Writing a proposal can be daunting. Oftentimes, a lot hangs in the balance; funding, the need for new staff, or proposing a new system are all reasons you may need to write a proposal. In order for a proposal to be successful, it must be well-written, researched, and presented.

Part of creating a successful proposal includes making a visual impact. Humans are visual creatures by nature; two proposals may be identically written, but chances are the one that has appealing graphics and is presented professionally bound will have a much more favorable impact than one that is stapled together and has no graphics whatsoever.

Graphics and other visual enhancements have a number of other benefits, including:
- Increase understanding. Graphics are usually easier to grasp than words in a paragraph.
- Memory. Your readers will most likely remember images better than concepts explained in the text.
- Highlight important information

Making a visual impact with your proposal can encompass a number of things. It can be as simple as a knowing which words to bold or italicize or as complicated as a multi-colored keyed graphic or chart.

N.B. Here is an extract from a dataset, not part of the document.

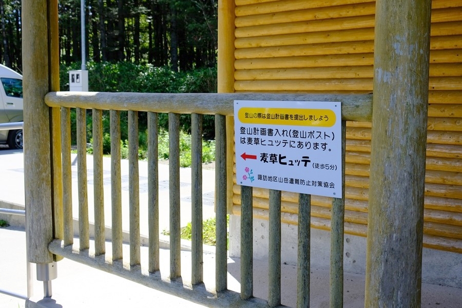 駐車場のトイレ前には、麦草ヒュッテへの案内がある。

Regardless, the following tips will help you to make a visual impact with your proposal:

- Keep things simple. Too much data, too many colors, and too many pictures can overwhelm the reader. Your graphics should be clean and simple and should serve a goal, such as break down figures or illustrate a process, rather than just take up space. You should also avoid using too many colors, shapes, and patterns in your graphics. The most successful graphics are clean and simple.
- Explain, if necessary. If a chart or graph needs further explanation, put it in the text of the proposal and have the reader refer to the graph rather than cluttering the graph's title and heading with all of the information. (For example, your text could explain a concept or amount, and then say "see Figure 1.)
- Don't add visual "clutter." Each graphic, chart, symbol, and so forth should serve some sort of purpose. There should not be symbols or pictures just to have them in there. Doing this will make the proposal look unprofessional or poorly designed.
- Use programs. If you know programs such as Adobe Photoshop or InDesign and Microsoft Power Point, take advantage of them. They can hold larger photo files or graphics than a Word document can.
- Have it bound professionally. This can make a world of difference. A cover and back and binding can be done inexpensively either in-house, if your company has an art department, or at a copy or paper supply store.
- Consider having a professional render your designs. If your proposal is for a bid on a large project or something else of great importance, you may want to consider having it professionally designed. There are many graphic artists who specialize in proposals and can make your proposal look as visually appealing as possible.

Making a visual impact with your proposal is an effective and necessary way for it to be noticed and then implemented. By using appropriate graphics, charts, colors, and fonts and by presenting a proposal that is visually clean and professionally-bound, you will make a better impression on your readers.